The required output is the exact run of lines from the one bearing "BOX OF VINTAGE" through the final line of the listing below, with the pictures removed.

▶ _Supplied material_:

◇ ◇ ◇ ◇ ◇

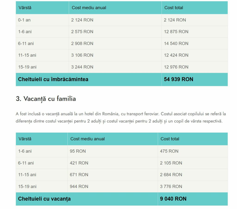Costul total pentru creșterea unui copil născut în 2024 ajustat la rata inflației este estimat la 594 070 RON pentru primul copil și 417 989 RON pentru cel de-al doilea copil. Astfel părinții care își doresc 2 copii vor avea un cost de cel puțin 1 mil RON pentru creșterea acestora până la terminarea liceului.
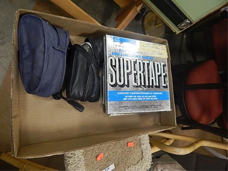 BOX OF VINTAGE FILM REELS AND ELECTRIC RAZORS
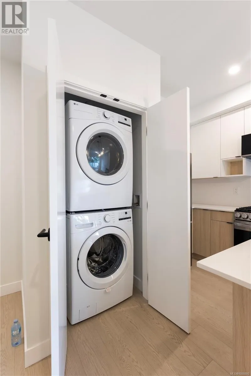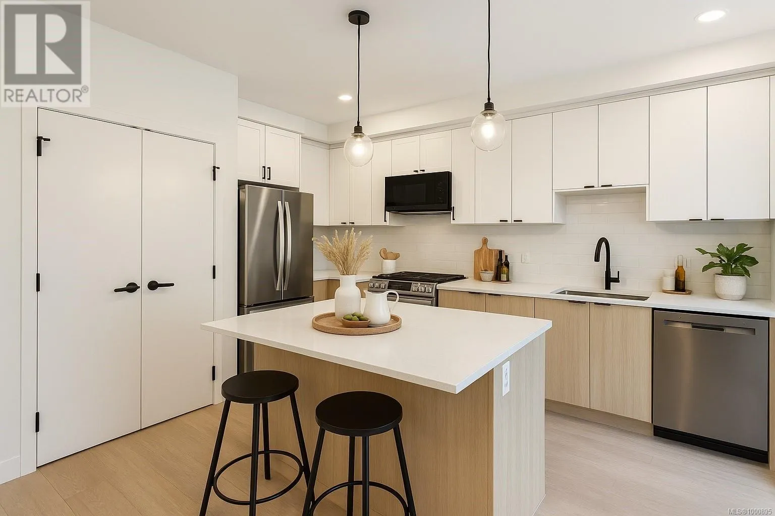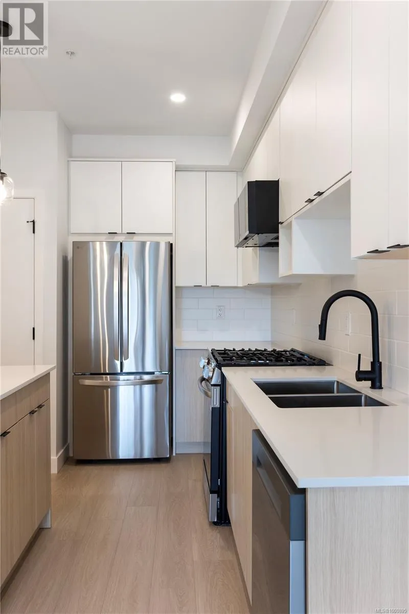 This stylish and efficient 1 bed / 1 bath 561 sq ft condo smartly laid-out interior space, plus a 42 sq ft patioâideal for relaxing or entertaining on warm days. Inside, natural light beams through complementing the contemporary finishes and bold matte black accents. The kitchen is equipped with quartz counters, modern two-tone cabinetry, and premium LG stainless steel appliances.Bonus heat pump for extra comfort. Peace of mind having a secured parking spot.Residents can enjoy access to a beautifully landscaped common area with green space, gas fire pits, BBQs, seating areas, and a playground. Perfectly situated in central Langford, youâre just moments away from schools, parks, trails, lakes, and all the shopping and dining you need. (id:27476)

◇ ◇ ◇ ◇ ◇

▶ _Response to this exercise_:
 BOX OF VINTAGE FILM REELS AND ELECTRIC RAZORS
 This stylish and efficient 1 bed / 1 bath 561 sq ft condo smartly laid-out interior space, plus a 42 sq ft patioâideal for relaxing or entertaining on warm days. Inside, natural light beams through complementing the contemporary finishes and bold matte black accents. The kitchen is equipped with quartz counters, modern two-tone cabinetry, and premium LG stainless steel appliances.Bonus heat pump for extra comfort. Peace of mind having a secured parking spot.Residents can enjoy access to a beautifully landscaped common area with green space, gas fire pits, BBQs, seating areas, and a playground. Perfectly situated in central Langford, youâre just moments away from schools, parks, trails, lakes, and all the shopping and dining you need. (id:27476)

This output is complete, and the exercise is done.